*INFORMATION SHOWN*:
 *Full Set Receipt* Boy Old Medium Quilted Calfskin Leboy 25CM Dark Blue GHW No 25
...
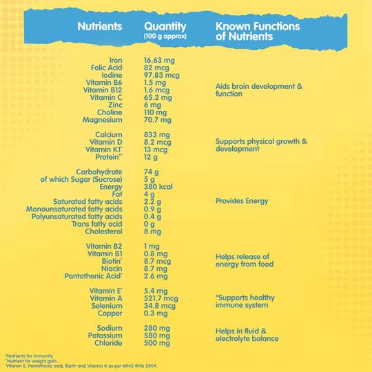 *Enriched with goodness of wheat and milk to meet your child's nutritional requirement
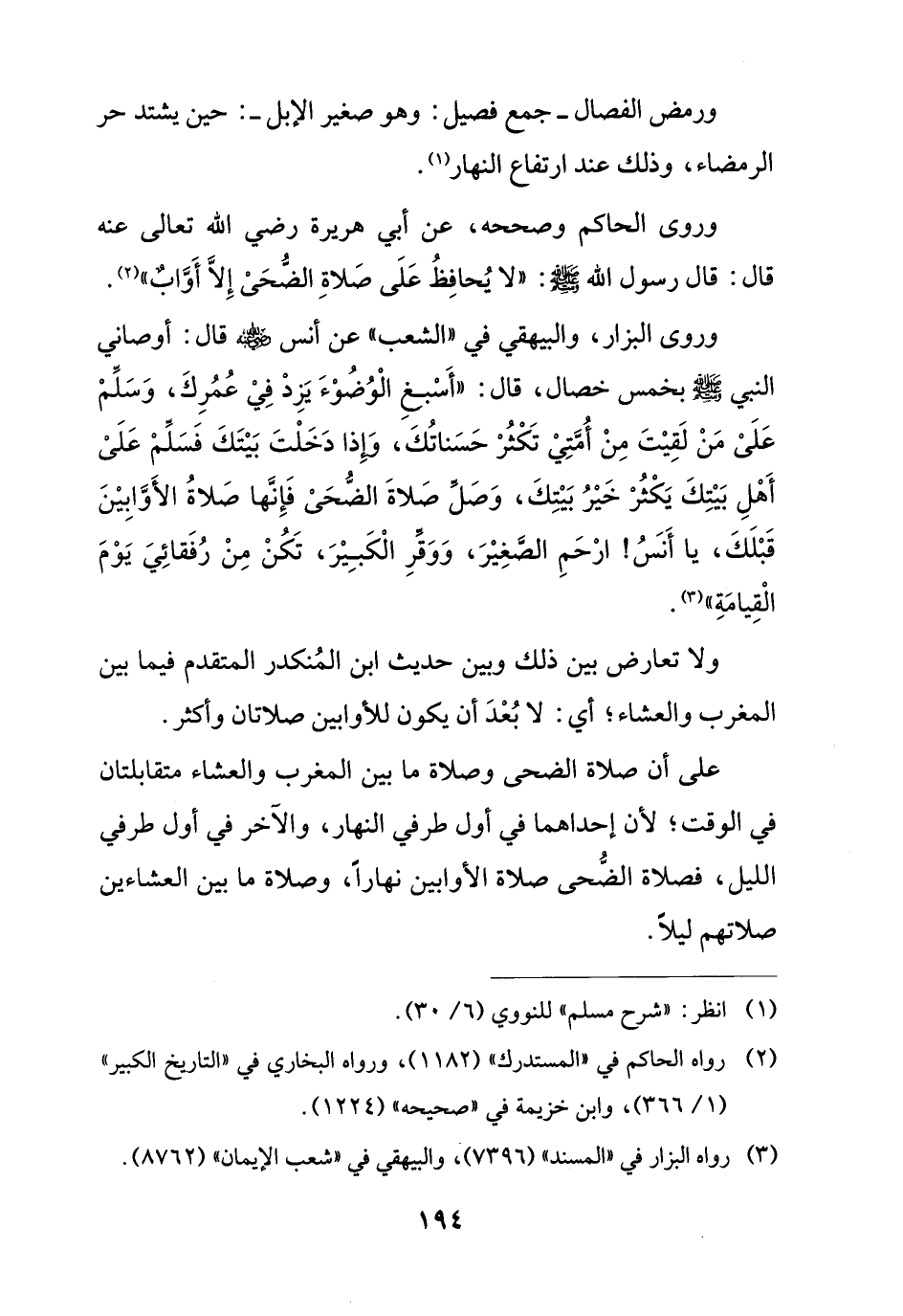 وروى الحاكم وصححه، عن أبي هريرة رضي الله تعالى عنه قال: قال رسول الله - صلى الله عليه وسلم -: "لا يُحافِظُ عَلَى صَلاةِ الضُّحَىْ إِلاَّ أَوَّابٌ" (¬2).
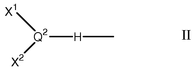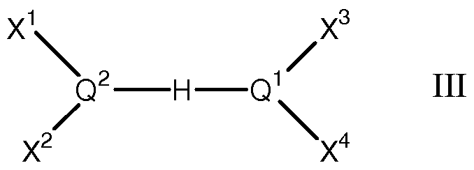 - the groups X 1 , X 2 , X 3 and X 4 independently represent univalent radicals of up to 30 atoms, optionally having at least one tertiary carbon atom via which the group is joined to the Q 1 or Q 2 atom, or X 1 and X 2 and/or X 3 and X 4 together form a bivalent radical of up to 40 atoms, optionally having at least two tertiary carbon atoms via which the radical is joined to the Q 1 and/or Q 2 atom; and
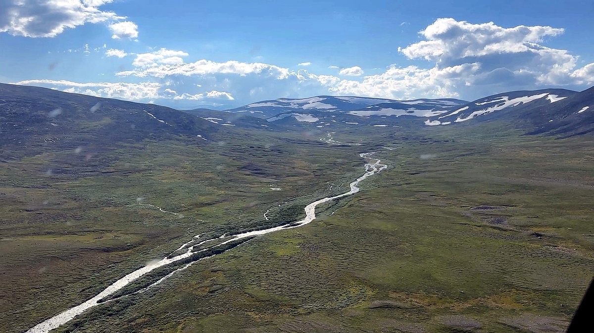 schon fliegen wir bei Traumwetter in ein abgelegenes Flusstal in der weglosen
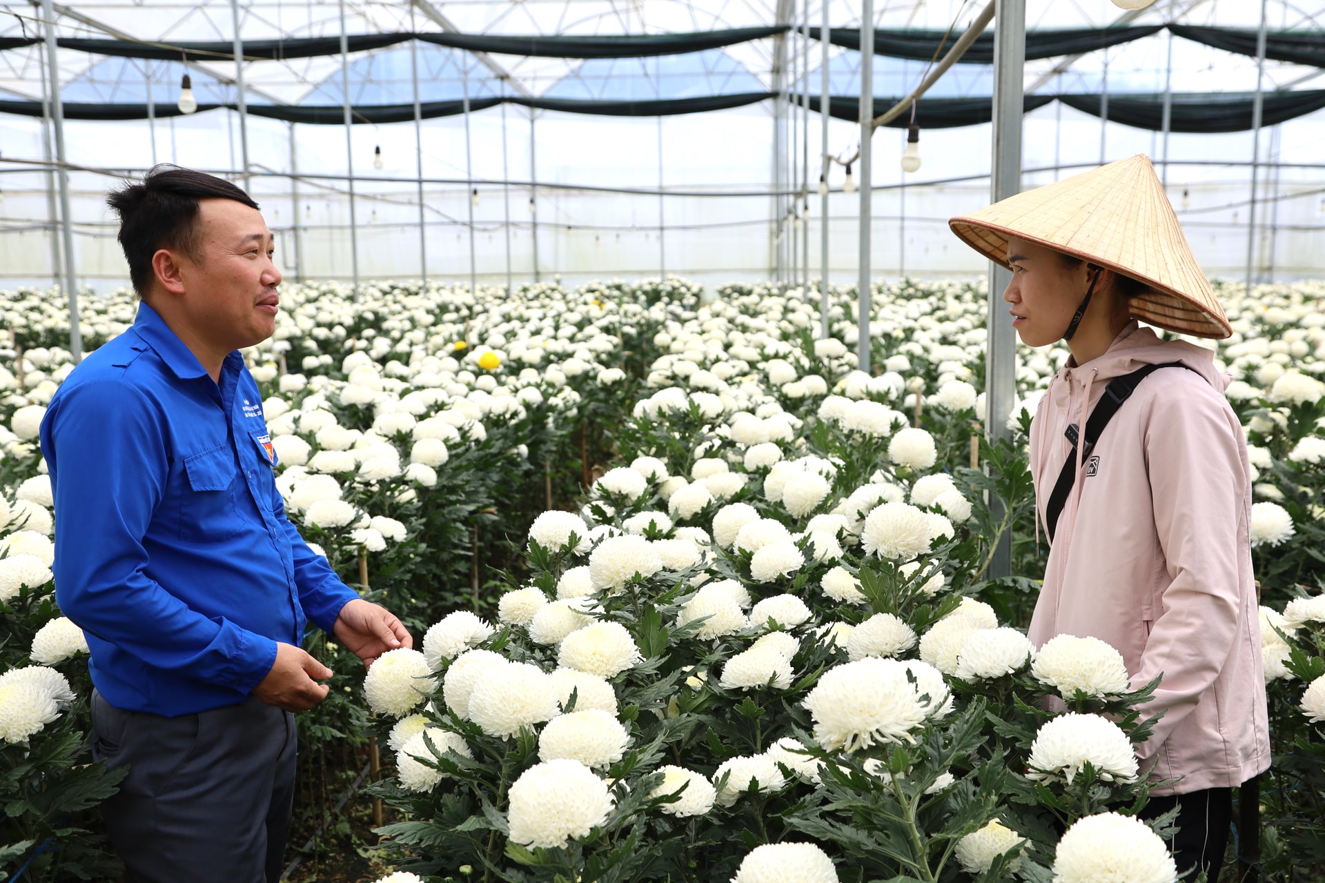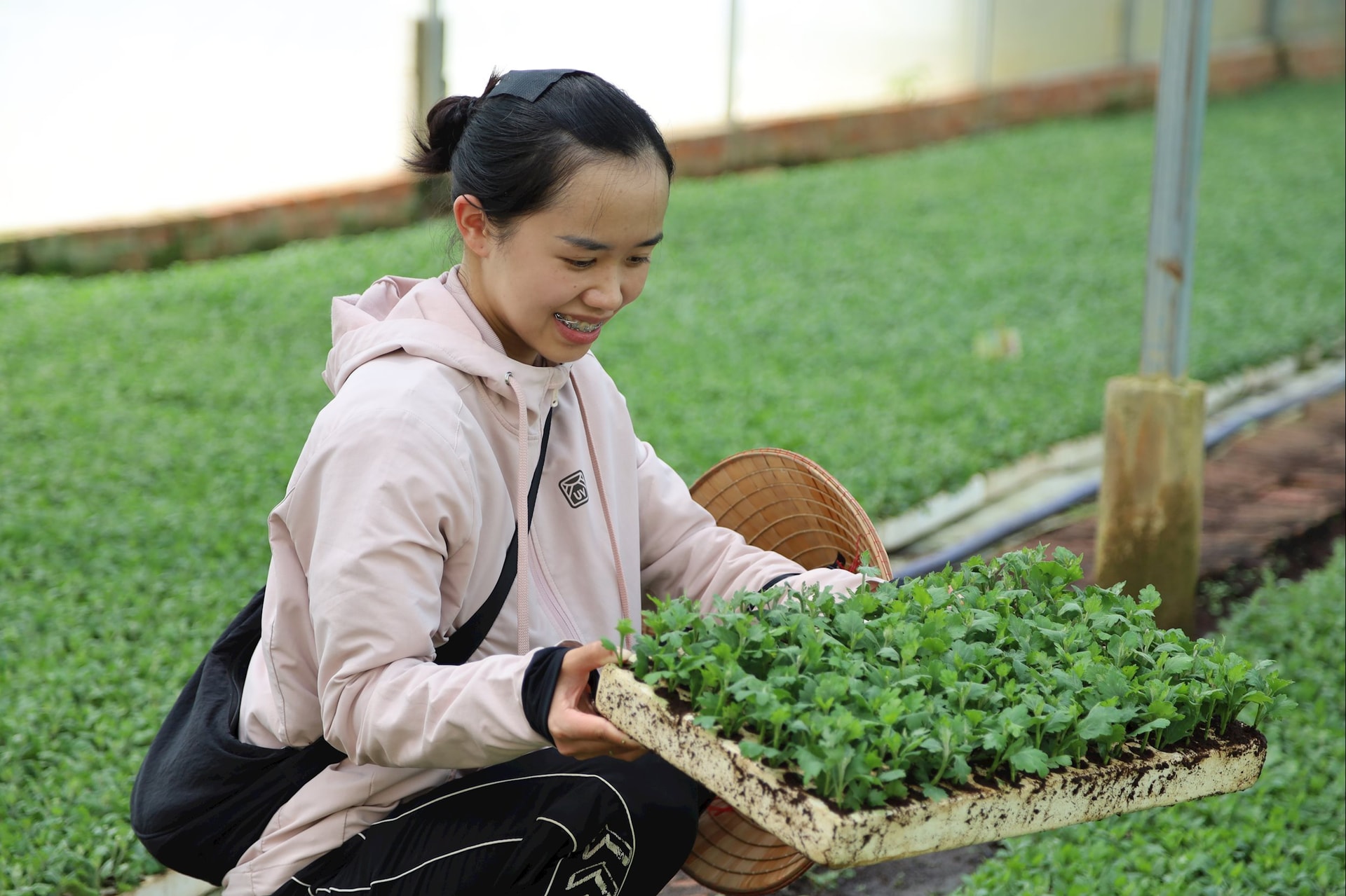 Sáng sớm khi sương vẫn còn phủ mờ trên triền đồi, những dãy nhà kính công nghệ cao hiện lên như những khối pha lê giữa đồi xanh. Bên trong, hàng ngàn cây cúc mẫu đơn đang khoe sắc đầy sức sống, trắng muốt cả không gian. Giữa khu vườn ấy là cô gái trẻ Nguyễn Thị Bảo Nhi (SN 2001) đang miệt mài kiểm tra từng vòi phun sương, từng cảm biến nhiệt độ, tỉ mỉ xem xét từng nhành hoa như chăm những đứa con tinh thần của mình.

*TASK ITEM*: Look above for the line with "- the groups" and the line with "schon fliegen wir". Copy them and every line between, exactly, but no pictures.

*SOLUTION*:
 - the groups X 1 , X 2 , X 3 and X 4 independently represent univalent radicals of up to 30 atoms, optionally having at least one tertiary carbon atom via which the group is joined to the Q 1 or Q 2 atom, or X 1 and X 2 and/or X 3 and X 4 together form a bivalent radical of up to 40 atoms, optionally having at least two tertiary carbon atoms via which the radical is joined to the Q 1 and/or Q 2 atom; and
 schon fliegen wir bei Traumwetter in ein abgelegenes Flusstal in der weglosen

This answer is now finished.